User’s desks are not fixed. They can move across different floors
Few users are using VDI thin clients where the XenApp servers are in the DCs
There are multiple floors
Cisco Stack access switches
VSS on Cisco Core switches
Mesh connectivity wherever supported
Cisco ISE with TrustSec license
Contain cisco devices
Access services in different datacenters across WAN links
Users are accessing large numbers of destination IPs
Firewall on Stick (firewall is gateway for all vlans/zones)
IPs are assigned via DHCP using MAC address bindings
Different layers of non cisco Firewalls
Alot of zones, IP subnets
Diagram: A rough diagram is attached to provide you an idea about the network
Queries and Recommendations:
What are the best practices of IP Schema, IP addresses and vlans assignment design for a site/Campus that contains movable/portable users?
What are the possible options of handling Firewall permissions for movable users where the IP for users might be different on different floor (depends on Question#1).
What are the best practices for firewall permission to be build based on users, security tags(trustSec) or IPs.

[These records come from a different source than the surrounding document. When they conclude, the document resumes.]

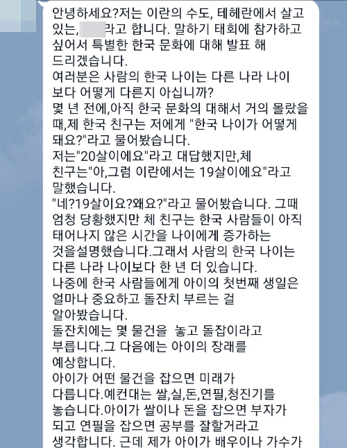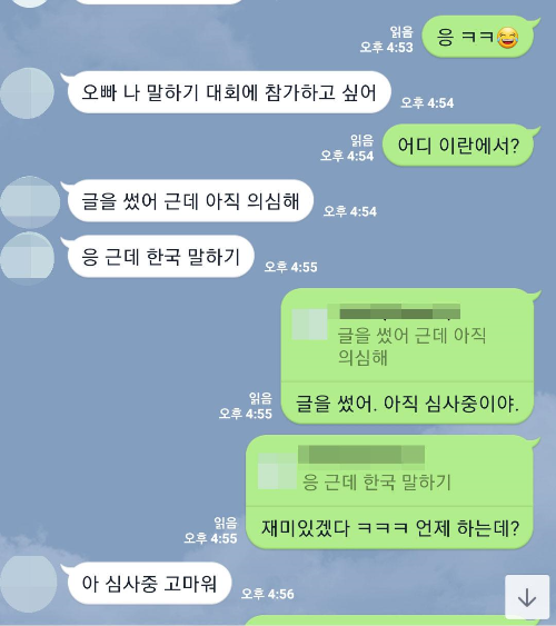 다시 이란 동생이야기로 넘어가서, 그녀는 나에게 말한다. '오빠 나 말하기 대회에 참가하고 싶어. 참가 신청을 했어 심사 중이야. 오빠 도움이 필요해' 정도의 내용이다.
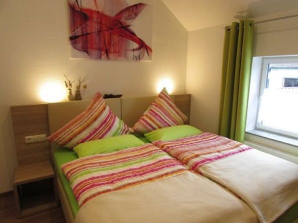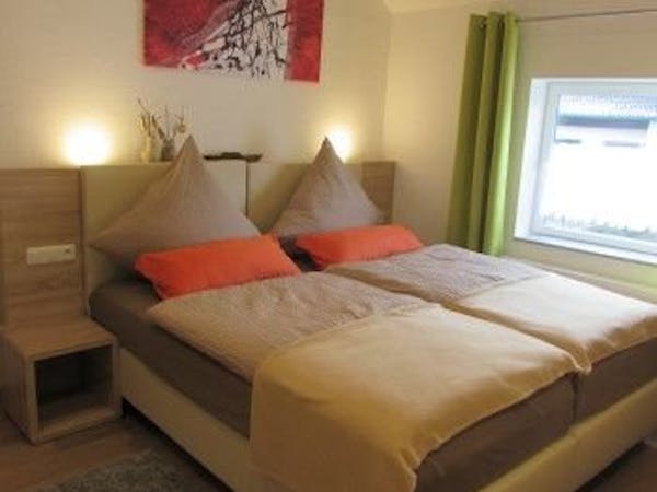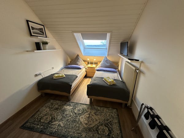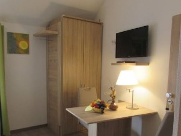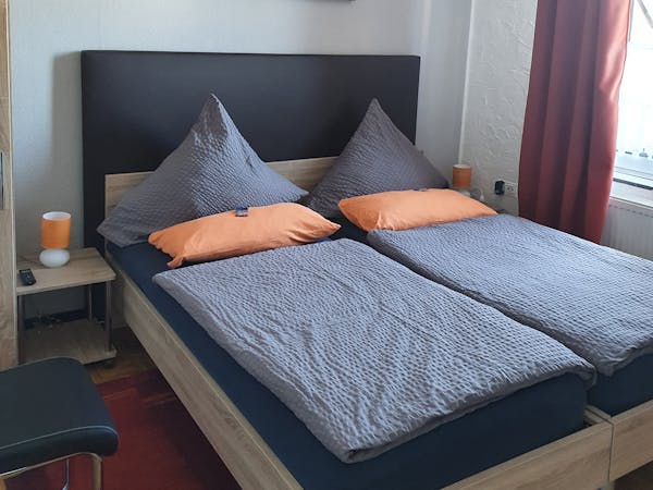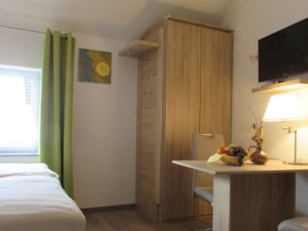 Our single rooms on the first floor are new and modern and have their own bathroom with shower and toilet. The equipment includes box spring beds, additional blankets, and pillows, satellite TV, WLAN Internet access, a hair dryer, bathroom towel dryer, refrigerator, coffee pad machine, and kettle.
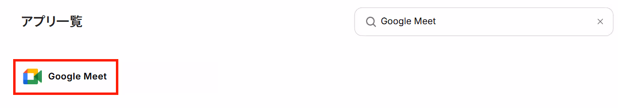 マイアプリから「新規接続」を押した後、Google Meetを検索しクリックしてください。
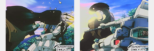 水陸両用という特性を活かし、水中に潜んで不意打ちを仕掛けたアッガイ。敏捷性にすぐれるのみならず、格闘戦におけるパワーもあなどれないものがあった。たとえ片腕になっても、陸戦型ガンダムを撃破寸前まで追いつめたのであった。
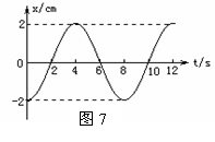 (4分)如图7所示为简谐振动图线,由图可知质点振动频率为 hz,质点振动84s内通过的路程是
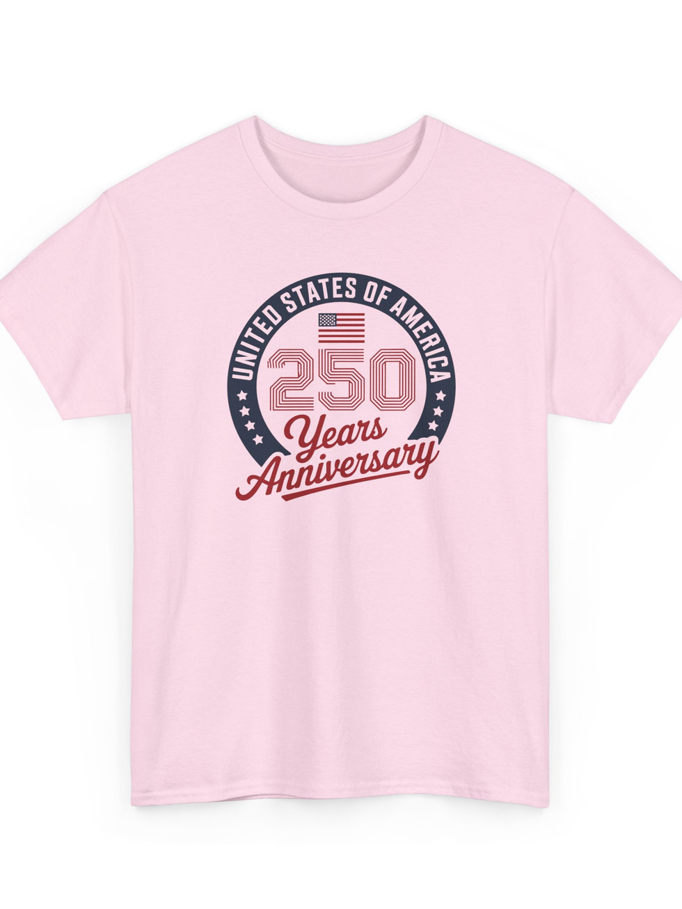 Celebrate a long lineage with a soft, timeless tee that wears like a keepsake. This classic crew neck features a vintage-inspired circular emblem reading “250 Years Anniversary” with subtle red, white and blue accents. The print sits centered on the chest like a commemorative patch—weathered but crisp—inviting quiet pride and everyday wear. Wear it to backyard barbecues, local parades, or easy afternoons with family. The relaxed cut slides over layers and moves with you—laundry after laundry—while the breathable cotton keeps it feeling lived-in and familiar. It’s the kind of shirt that joins moments and memories without shouting for attention.
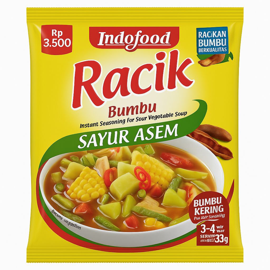 Hadirkan rasa segar dan khas masakan rumahan dengan Indofood Racik Bumbu Sayur Asem. Terbuat dari rempah pilihan dan asam jawa berkualitas, memberikan kuah segar, gurih, dan nikmat. Praktis digunakan untuk 3–4 porsi tanpa perlu tambahan bumbu lain—cukup tambahkan sayuran seperti jagung manis, kacang panjang, labu siam, dan kacang tanah untuk hidangan sayur asem yang autentik. Cocok disajikan sebagai menu makan siang keluarga.

The user site is proposed to be based on TrustSec technology while it may not be feasible if you don’t have end to end (from source=users site to destination=DC) Cisco Technologies. Please provide possible feasibility options considering that there are large numbers (2000 IPs) of destinations in the DC. Additionally how the firewall permissions will be handled in the Datacenter firewall incase TrustSec is used in user site.
Solution Option1: Use one large vlan/IP subnet for all floors. In such case, users will always get same IP regardless of the floor and Firewalls permissions can be granted based on IP Addresses for each users.
Issue with Option1: broadcast domain will become large and will result in slowness
Solution Option2: Use different vlan per each floor to avoid large broadcast domain and handle firewall permissions based on ISE TrustSec or usersnames.
Issue with Option2: Firewalls in the DC are not supporting firewall permissions based on Security Tags or permissions based on users
We use /21 address block in our campus VLAN (we have more VLANs, but this is the largest one) and we see no broadcast issues here. No multiple VLANS for the same class of users just because "different floor".
We are using L2 authentication. Any user can use any plug - he will be connected to VLAN claimed by RADIUS server (we have multiple VLANs for multiple classes of users).
Our radius server verify not only just credentials provided by user, but MAC address of the device as well. Thus no user can spoof MAC address of other user wishing for "more powerfull IP assigned by DHCP". Moreover we have IP Guard turned on on switches thus no user can use IP address unless assigned by DHCP to them.
In short - user use IP assigned by DHCP server only and he can't spoof MAC to cheat DHCP server.